The Owasm library consists of two primary modules: owasm/oei and owasm/ext.
The OEI modules defines a set of functions that are part of the Owasm Oracle Environment Interface. These functions are then accessible to an oracle script during its execution.
GetAskCount returns the number of validators asked to work for this oracle query.
Returns:
-
askCount: i64- The requested validator count.
GetMinCount returns the minimum number of validators to move to aggregation phase.
Returns:
-
minCount: i64- The sufficient validator count.
GetAnsCount returns the number of validators that submit answers.
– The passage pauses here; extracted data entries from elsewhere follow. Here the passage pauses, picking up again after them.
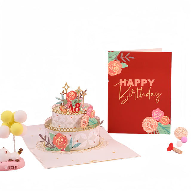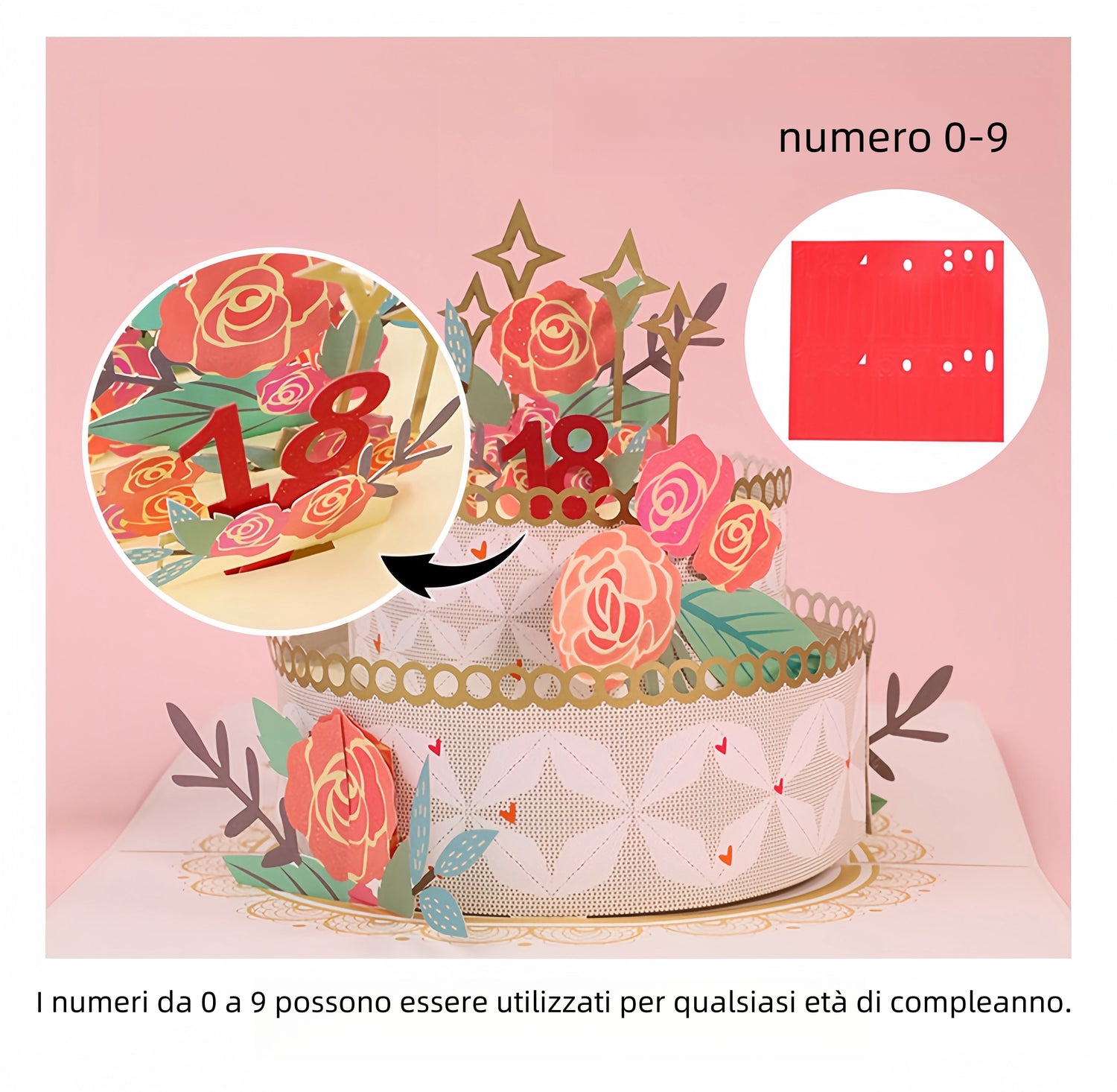 Biglietto di auguri di compleanno pop-up 3D con numeri fai da te, Torta decorata con rose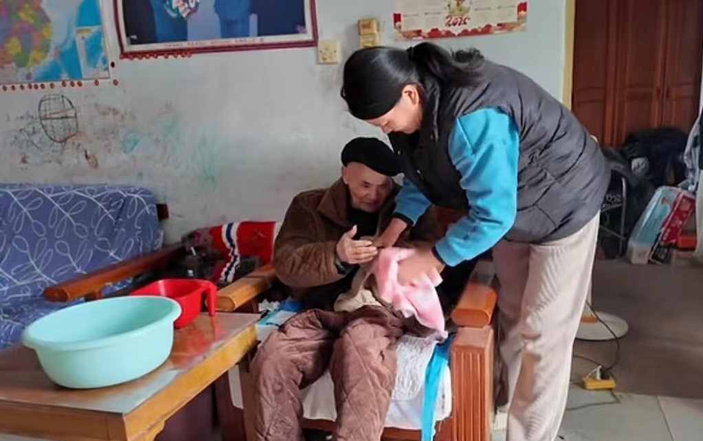 公公落下半身瘫痪、口齿不清的后遗症,出院后,老人生活不能自理。曹子娟肩上的担子更重了,端水喂饭、洗脚、清理秽物。尽管生活并不宽裕,曹子娟却总能将清贫的日子过得暖意融融。她时常笑着说:“吃穿用度,够用就好。”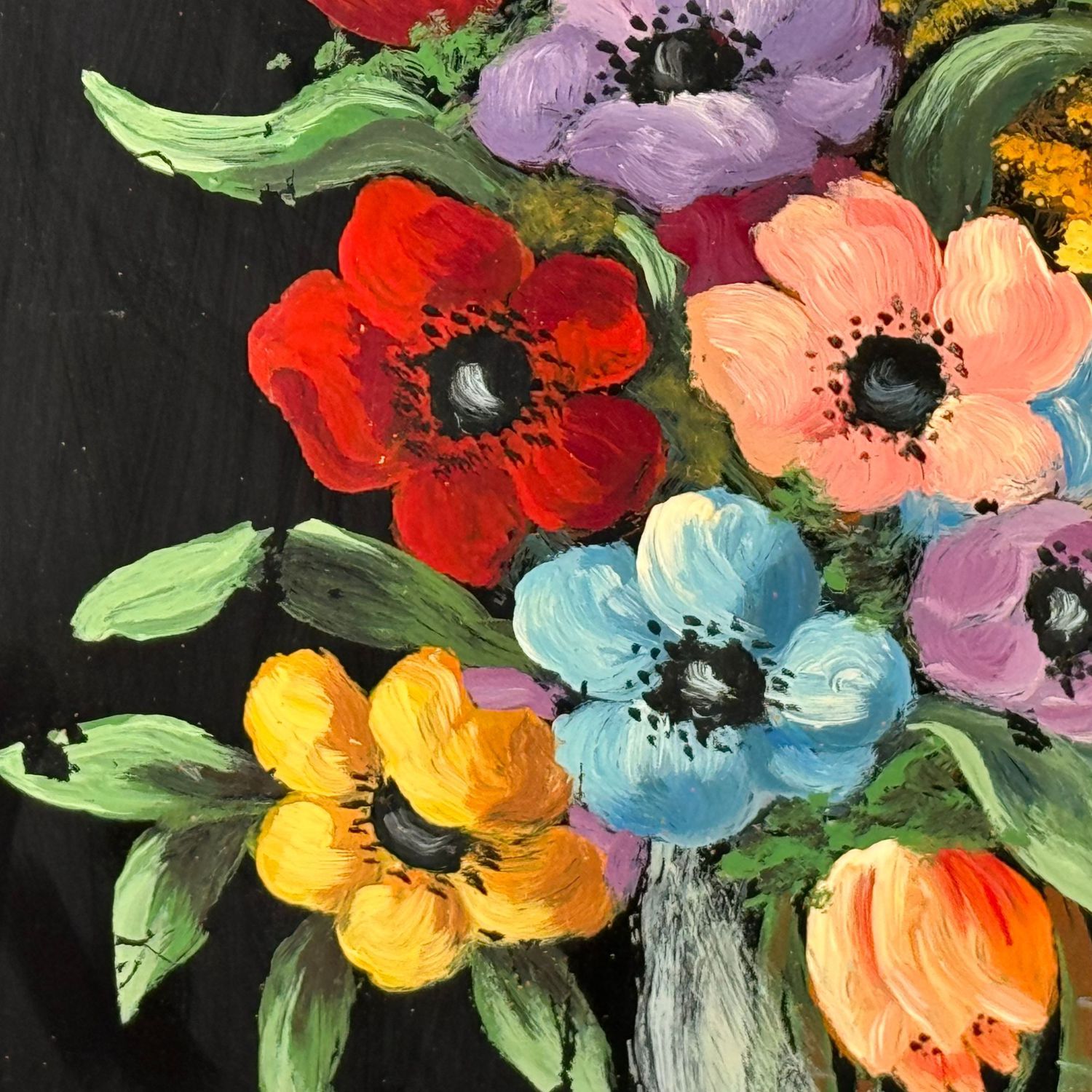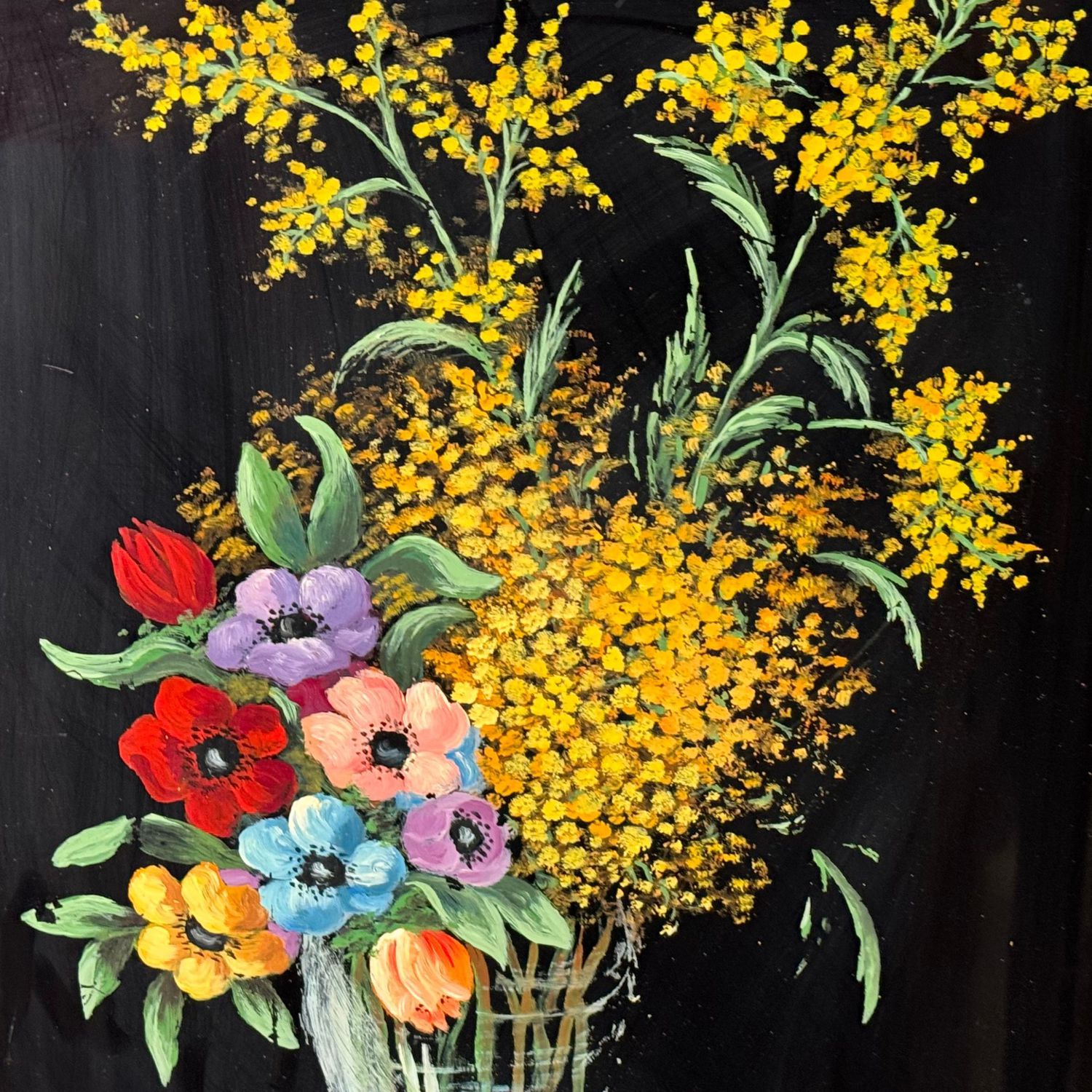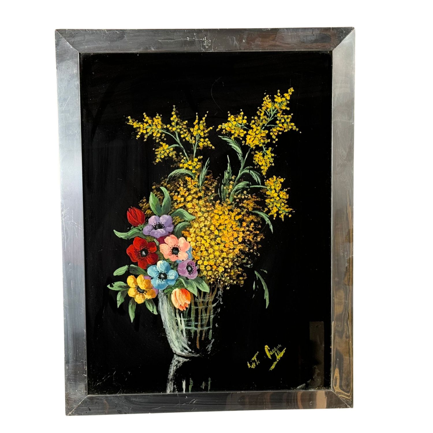 Acrilico su vetro, periodo XX secolo scuola italiana, raffigurante Composizione di fiori. Dimensioni interno cornice: 39x53 cm. Dimensioni compreso cornice: 46x60 cm. Reca firma in basso a destra da artista non identificato. Opera in buone condizioni.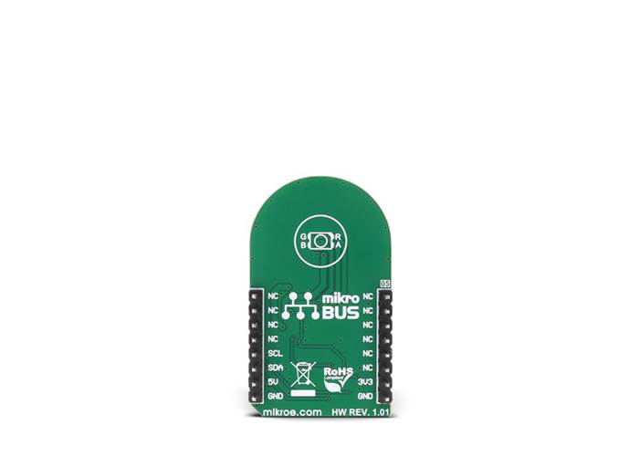 The Click board™ is also equipped with an RGB LED. This is a high brightness RGB LED with a wide viewing angle, that can get very hot and bright while operated with maximum current. For this reason, a care must be taken not to touch it or watch directly at the LED.

Zero during preparation.
Returns:
-
ansCount: i64- The received validator count.
GetPrepareBlockTime returns the time of preparation phase was run.
Returns:
-
timestamp: i64- The block timestamp during the preparation phase.
GetAggregateBlockTime returns the time of aggregation phase. Zero during preparation.
Returns:
-
timestamp: i64- The block timestamp during the aggregation phase.
ReadValidatorAddress returns the 20-byte validator address at the specified index and offset
Parameters:
-
validatorIndex: i64- The validator index. Must be nonnegative and not greater than the number of requested validators. -
resultOffset: i32ptr- The memory offset to save the validator's address
GetCallDataSize returns the size of calldata set by the current function's caller in bytes. For the outermost function call, the data is always the data request's encoded parameters.
Returns:
-
dataSize: i32: - The size of the calldata in bytes.
readCallData returns the specific part of calldata into the runtime memory. The function will fail if seekOffset + resultSize > getCallDataSize().
Parameters:
-
resultOffset: i32ptr- The starting memory offset to copy calldata into. -
seekOffset: i32- The starting offset of calldata to start copying. -
resultSize: i32- The number of bytes to copy.
saveReturnData saves the specific part of memory as the return data of the current Owasm execution.
Parameters:
-
dateOffset: i32ptr- The starting memory offset to copy return data into. -
dataSize: i32- The number of bytes to copy.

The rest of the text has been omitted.